Das bedeutet, Sie haben sehr viel mit Behörden zu tun.

Auschließlich mit Behörden. Das habe ich gelernt. Ursprünglich bin ich Brandenburger und habe mich in Berlin zum Kaufmann für Bürokommunikation ausbilden lassen. Man kann das als Sekretär für Verwaltung bezeichnen. Anschließend habe ich noch ein halbes Jahr im Schulamt gearbeitet und danach in Sachsen-Anhalt Electronic Government studiert. Nach dem Bachelor habe ich ein Jahr für ein Unternehmen im Bereich E-Akte gearbeitet und bin schließlich zum Masterstudiengang nach Koblenz gekommen.

Warum war die Koblenzer Universität interessant für Sie?

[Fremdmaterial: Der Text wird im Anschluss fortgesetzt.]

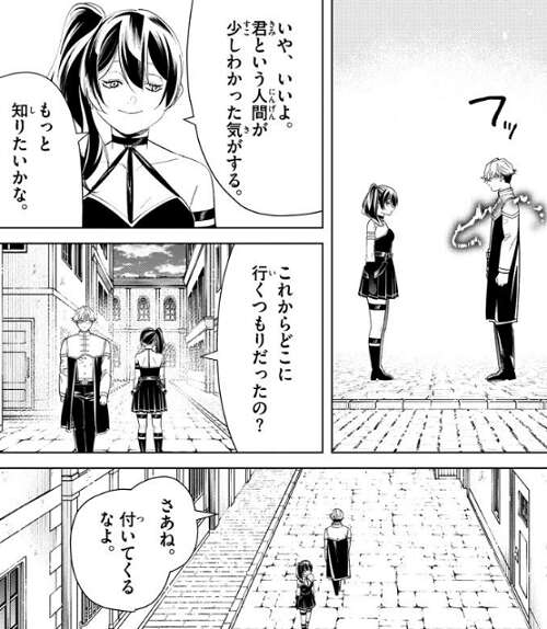 ユーベルはラントに、君は何を思ってどんな人生を歩んできたの?教えてよ?と、聞きますが、ラントは頭の足りない子は嫌いなんだよね、と答えるのを拒否します。ラントは、別に僕を殺したっていいよ、そんなことしたら二度と共感は出来ないと思うけど、と冷静に言うと、君と言う人間が少しわかった気がする、と言いユーベルは見た者を拘束する魔法(ソルガニール)を解除します。ラントはユーベルに、付いてくるなよ、と言い飯屋へと向かいます。

Den Masterstudiengang im E-Government gibt es nur hier. Außerdem ist Frau Prof. Dr. Wimmer eine Koryphäe auf diesem Gebiet, deshalb wollte ich bei ihr studieren. Koblenz habe ich mir vorher gar nicht angeschaut, sondern bin quasi blind einfach hierhergezogen. Aber hier gefällt es mir. Übrigens: Witzigerweise bin ich seit Jahren immer noch der vierte Absolvent in diesem Studiengang. Da merkt man, wie schwer es ist an Leute in diesem Bereich zu kommen, wenn es so wenige Absolventen gibt. 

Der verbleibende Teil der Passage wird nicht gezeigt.